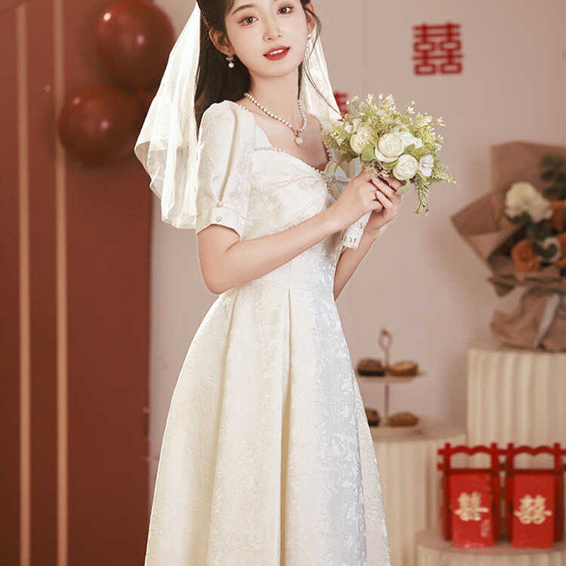 白色礼服裙女订婚连衣裙日常可穿领证登记小白裙法式裙子小个子夏
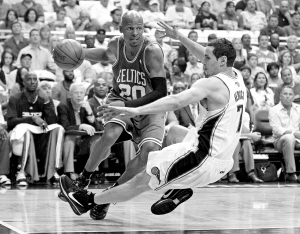 | 北京时间5月17日,NBA东部决赛首开战。图为波士顿凯尔特人队球员雷·阿伦(左)在比赛中进攻。
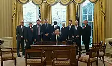 Hugin and other pharmaceutical executives with President Donald Trump in January 2017
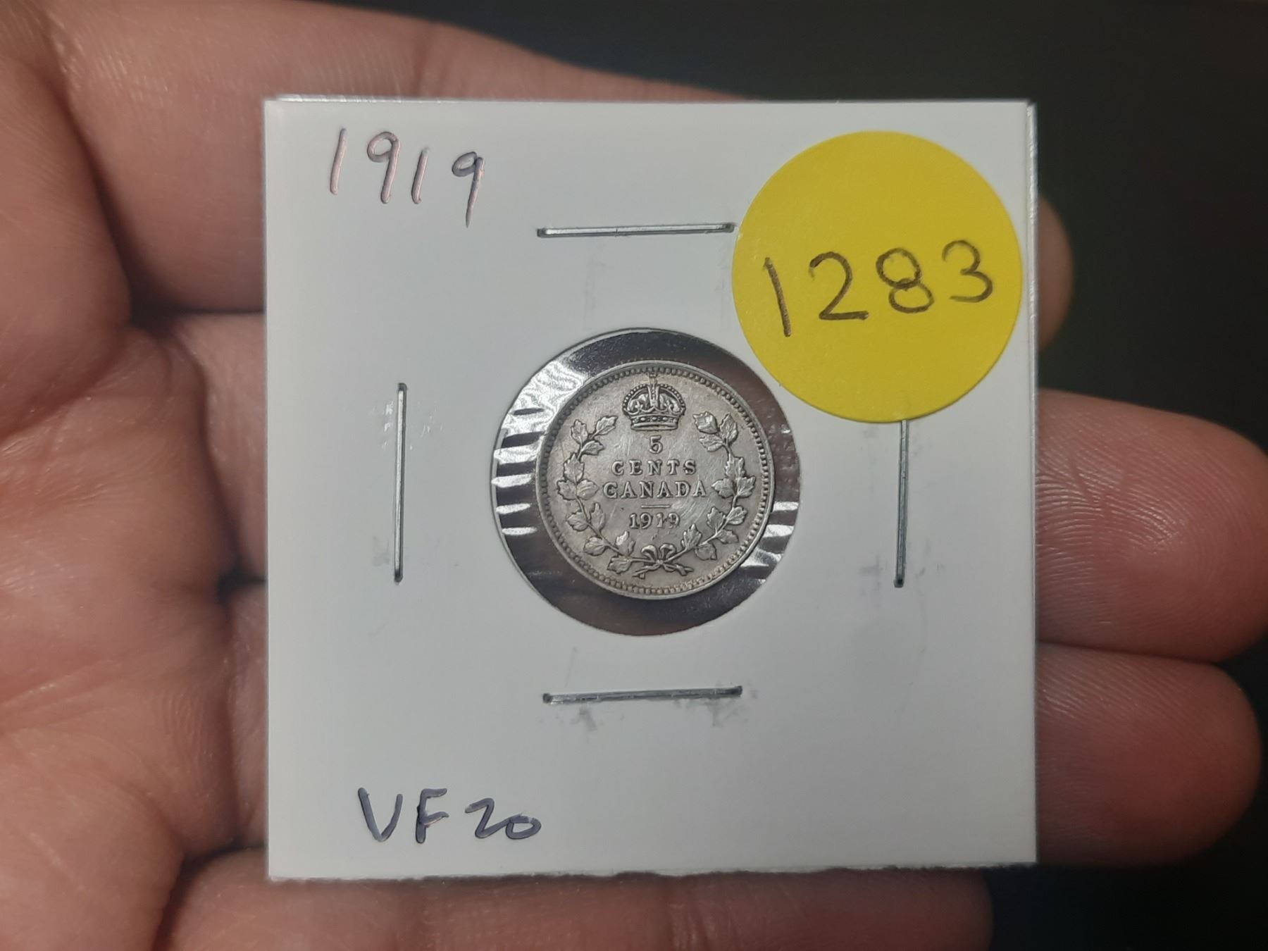 1919 Canadian Silver 5 Cents. VF20.
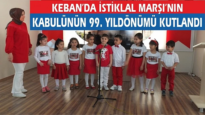 Vatan şairi Mehmet Akif Ersoy'un yazdığı İstiklal Marşı'nın kabulünün 99. yıl dönümü Keban ilçesinde törenle kutlandı. Milli Eğitim Müdürlüğü Hacı Fevzi Efendi Konferans salonunda düzenlenen program Keban Musa Coşkun Ortaokulu öğretmeni Zeynep Çiftçi günün anlam ve önemini anlatan konuşma yaptı. Musa Coşkun Ortaokulu Görsel sanatlar öğretmeni yönetimindeki öğrenciler Fatmagül Turan'ın okuduğu İstiklal Marşı eşliğinde Mehmet Akif Ersoy Tuvali üzerinde canlı performans gösterisi yapıldı, anaokulu öğretmeni Asuman Ceylan koordinesinde anaokulu öğrencileri İstiklal Marşının 10 kıtasını okudu.
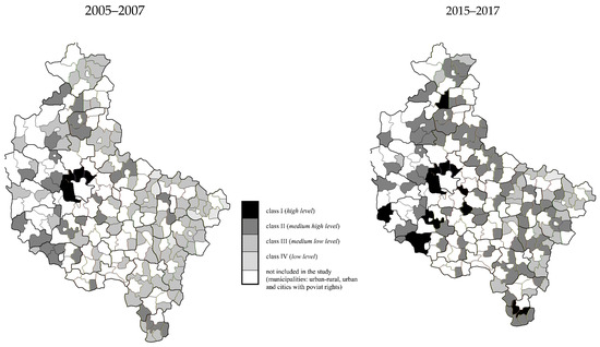 The quartile approach (based on the values of the synthetic indicator) was used to identify four classes of rural municipalities at different levels of socioeconomic development (high, medium-high, medium-low and low). As shown by empirical research, the proportion of rural municipalities at high and medium-high levels of socioeconomic development was higher in 2015–2017 than in 2005–2007 (by 8.8 and 33.6 percentage points, respectively). Also, between these periods, there was a considerable decline in the share of rural municipalities at a medium-low level of socioeconomic development (by as much as 38.1 percentage points). In 2005–2007, most rural municipalities (nearly 64%) in the region surveyed were at a medium-low level, with only every twentieth being at a high development level. In turn, in 2015–2017 nearly 60% and over 14% of rural municipalities in the Wielkopolskie voivodeship were at medium-high and high levels of socioeconomic development, respectively (Table 3, Figure 2). Hence, this study found that Polish rural areas experienced a positive change in their development levels. Most importantly, note that in addition to improvements in the general level of socioeconomic development, there was an accelerated progress in narrowing the gap between underdeveloped and best developed municipalities.
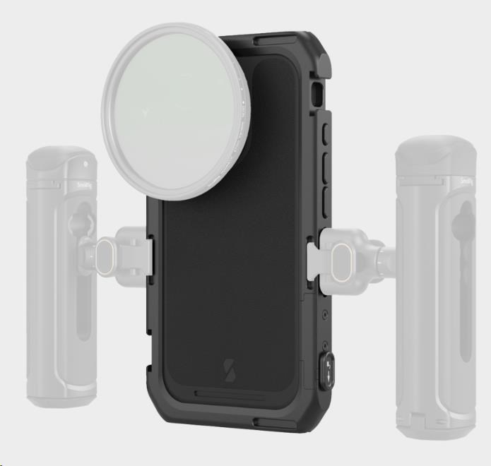 Pouzdro vybavené rychloupínací zadní deskou T-mount slouží jako každodenní ochrana telefonu. Backplate T-mount lze přepínat pomocí ořezávacího kroužku, backplate objektivu se 17mm závitem nebo adaptéru s 67mm magnetickým filtrem pro lepší optický výstup.
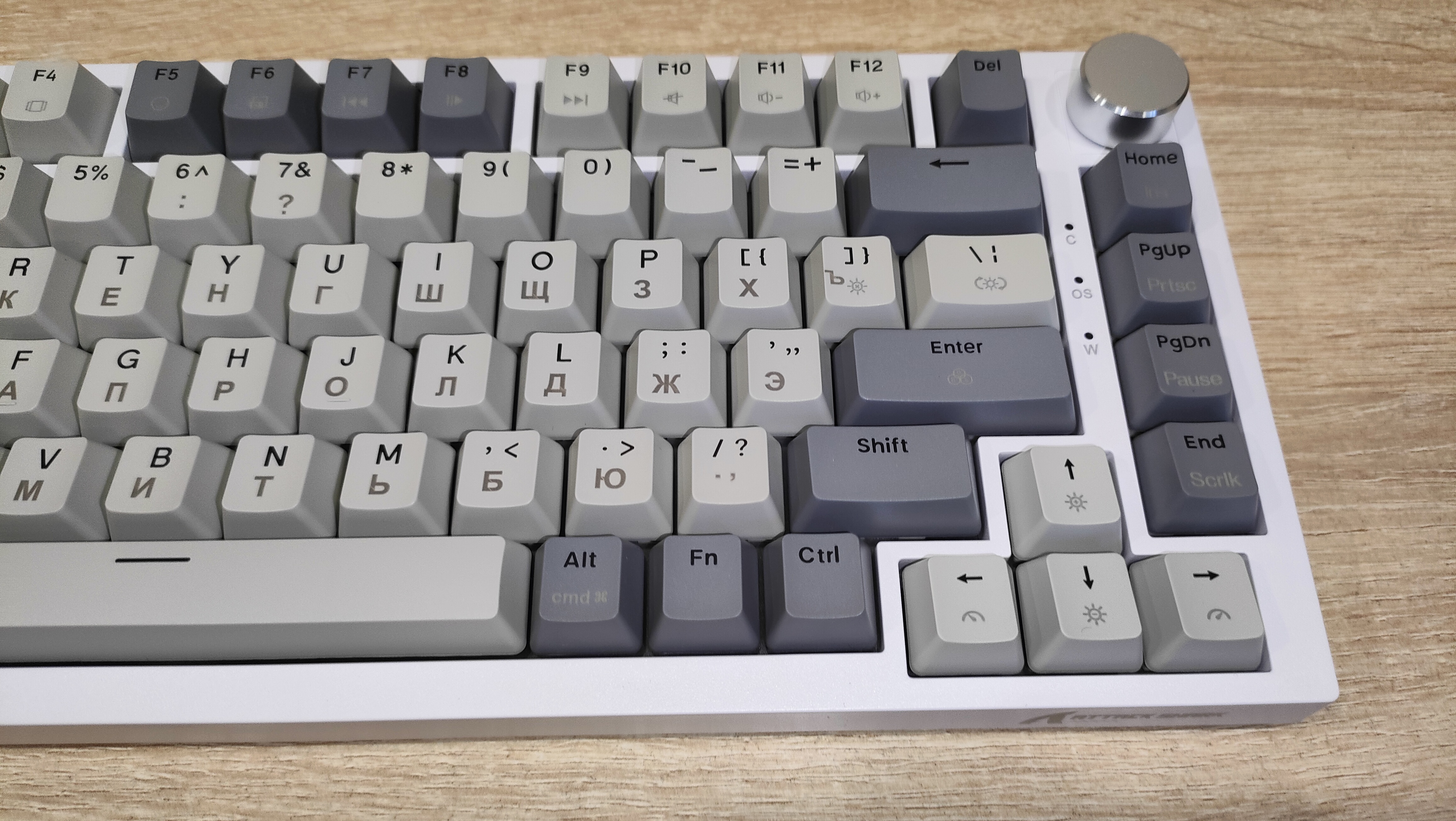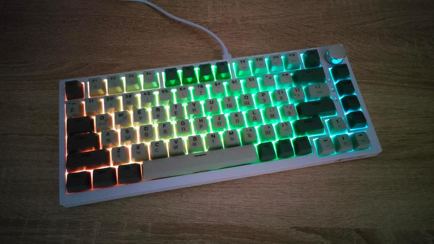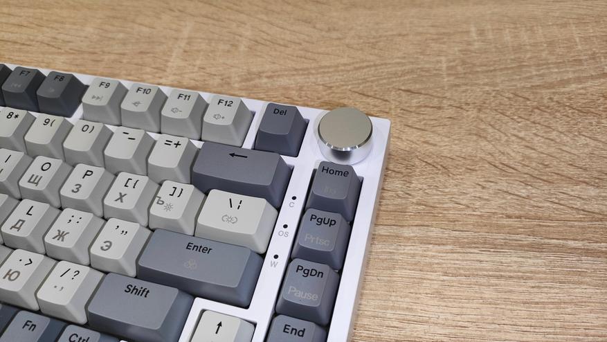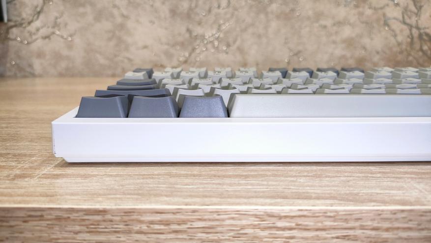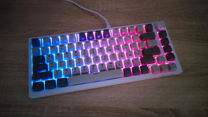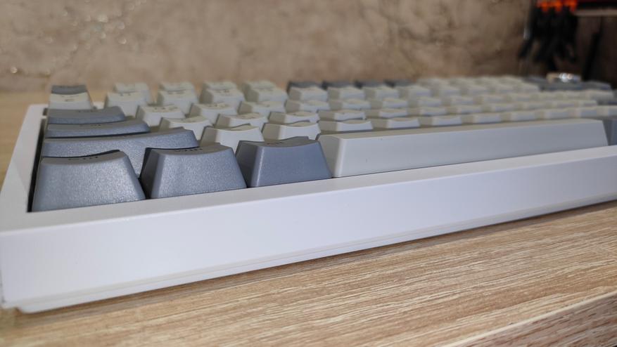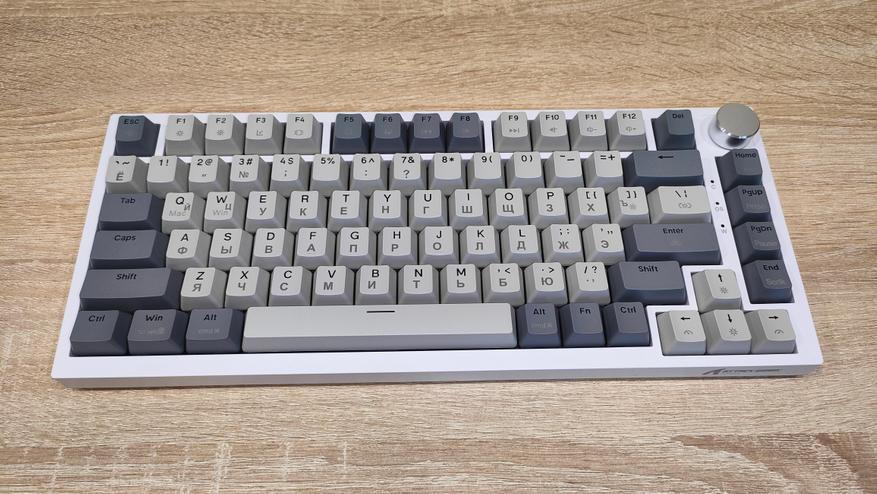 Формат клавиатуры 75%, ANSI, шифты широкие, Enter одноэтажный. Профиль колпачков OEM/Cherry подобный. Все привычно, все стандартно. Привыкать большинству даже не придется, т.к. профиль и расположение привычные. Многие тоскуют по Enter в два этажа, но увы и ах…
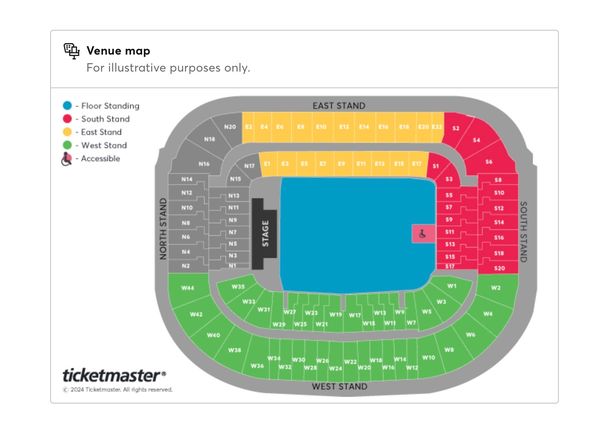 每户球迷只能购买四张门票。Ticketmaster表示:“本次活动每人每张信用卡限购4张票,请遵守公布的购票限额。”超过购票限额的人可被Ticketmaster自行决定取消部分或全部订单和门票,而无需通知。这包括与相同姓名、电子邮件地址、账单地址、信用卡号或其他信息相关联的订单。”
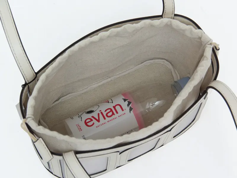 目隠しや仕分けに便利な巾着が付いています。500mlのペットボトルがぴったり横に入るサイズ感で、長財布やスマホ、ポーチ、エコバッグなどお出かけに必要なアイテムがしっかり収納可能。大きすぎず小さすぎない絶妙なサイズで、使いやすさが魅力です。
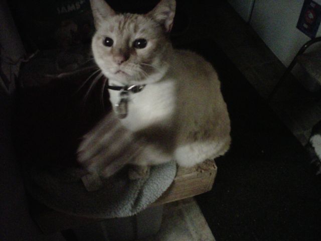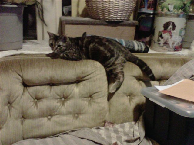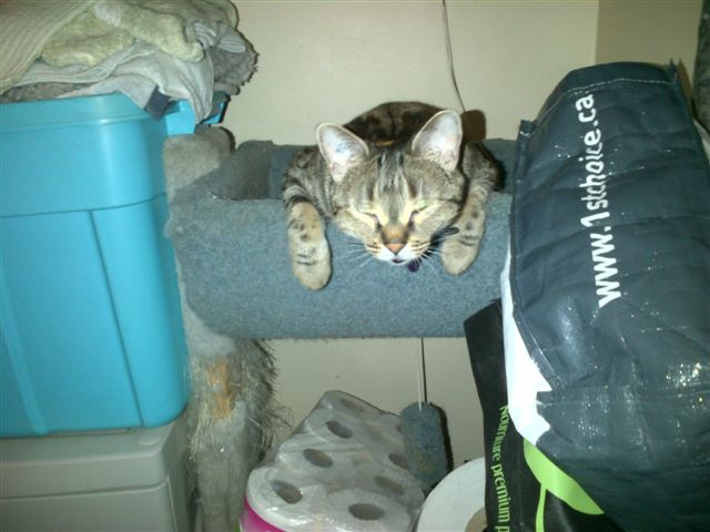 This tabby’s had a long day and is enjoying a nap in the cat tower.
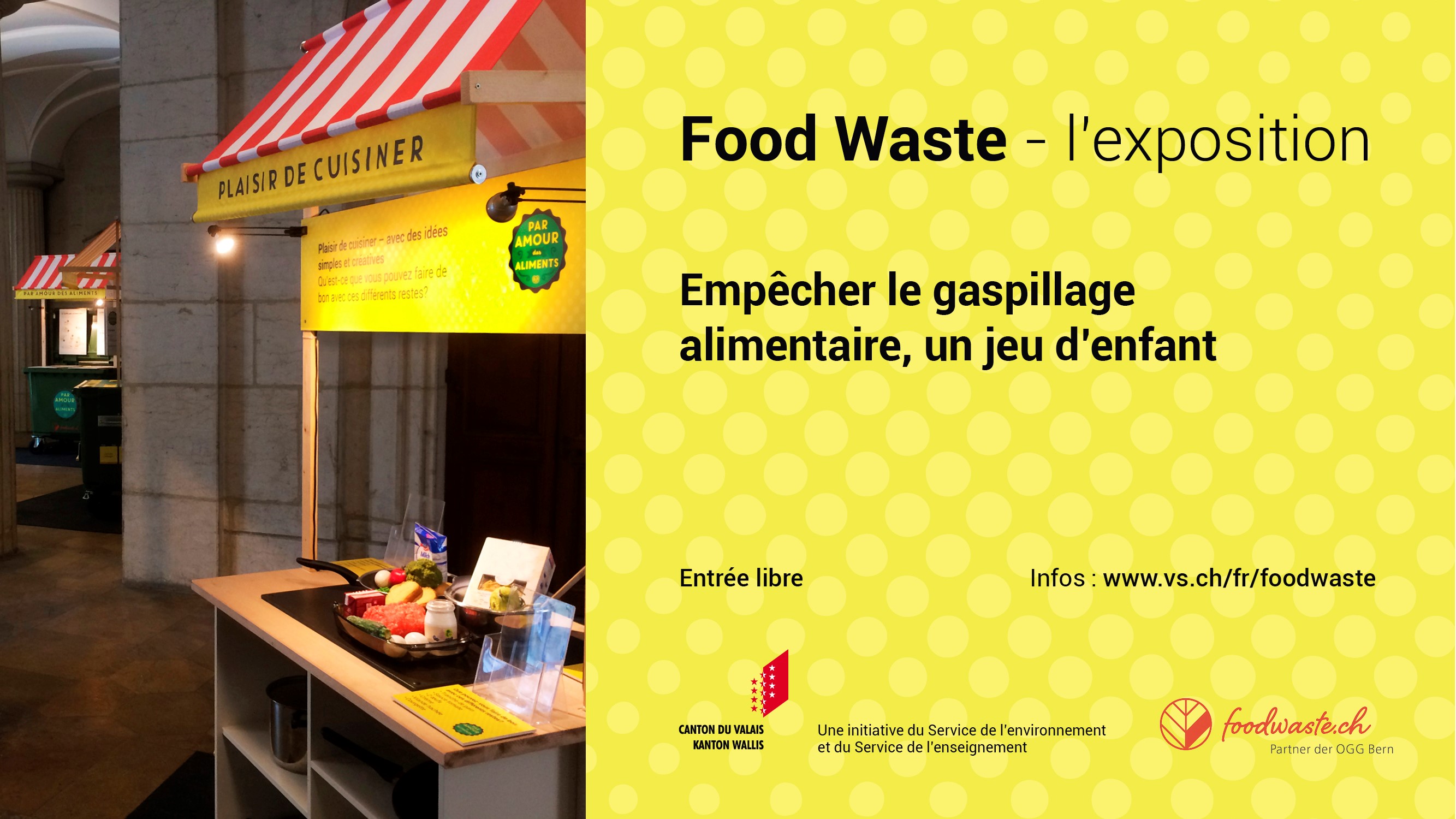 Afin de sensibiliser la population valaisanne à cette problématique, l’exposition itinérante « Food Waste » sera présentée successivement à Naters, Monthey et Sion, entre le 4 décembre 2021 et le 24 février 2022. Didactique et ludique, l’exposition fournit des conseils pratiques pour la gestion quotidienne des aliments en 5 étapes, de la planification d’un menu au recyclage des restes, en passant par les achats, ou le stockage à la maison. Elle présente également des solutions simples et facilement applicables afin d’éviter le gaspillage alimentaire.
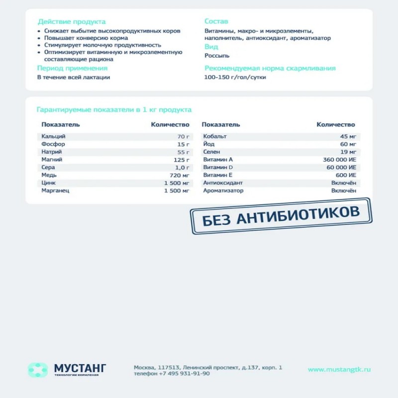 Состав Витамины, макро- и микроэлементы, наполнитель, антиоксидант, ароматизатор Комплектация бумажный трехслойный мешок с полиэтиленовым вкладышем Базовый витаминно-минеральный премикс для лактирующих (дойных) коров.
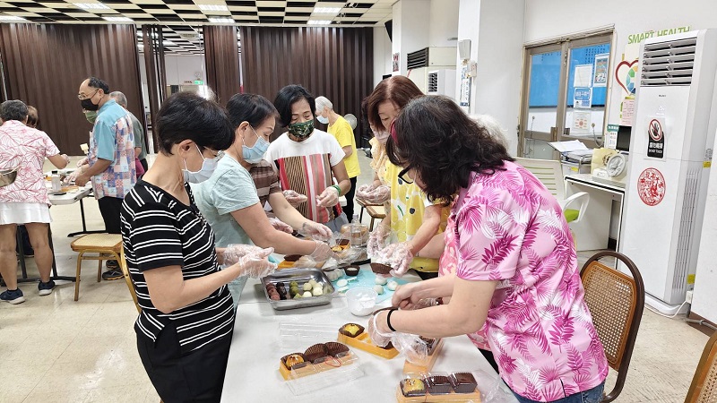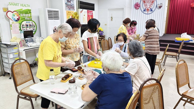 活動中,長輩與志工們在學習中互助合作,現場氣氛熱絡又溫馨。透過這場手作體驗,甜點不僅可口,更充滿成就感與溫馨的回憶,讓長輩與志工提前感受到中秋佳節的團圓與溫暖。

++++

What is expected — Starting at the first line of the entries, restate word for word everything through the line that holds "Vatan şairi Mehmet", both ends included, but omit any pictures.

Output of the exercise —
 白色礼服裙女订婚连衣裙日常可穿领证登记小白裙法式裙子小个子夏
 | 北京时间5月17日,NBA东部决赛首开战。图为波士顿凯尔特人队球员雷·阿伦(左)在比赛中进攻。
 Hugin and other pharmaceutical executives with President Donald Trump in January 2017
 1919 Canadian Silver 5 Cents. VF20.
 Vatan şairi Mehmet Akif Ersoy'un yazdığı İstiklal Marşı'nın kabulünün 99. yıl dönümü Keban ilçesinde törenle kutlandı. Milli Eğitim Müdürlüğü Hacı Fevzi Efendi Konferans salonunda düzenlenen program Keban Musa Coşkun Ortaokulu öğretmeni Zeynep Çiftçi günün anlam ve önemini anlatan konuşma yaptı. Musa Coşkun Ortaokulu Görsel sanatlar öğretmeni yönetimindeki öğrenciler Fatmagül Turan'ın okuduğu İstiklal Marşı eşliğinde Mehmet Akif Ersoy Tuvali üzerinde canlı performans gösterisi yapıldı, anaokulu öğretmeni Asuman Ceylan koordinesinde anaokulu öğrencileri İstiklal Marşının 10 kıtasını okudu.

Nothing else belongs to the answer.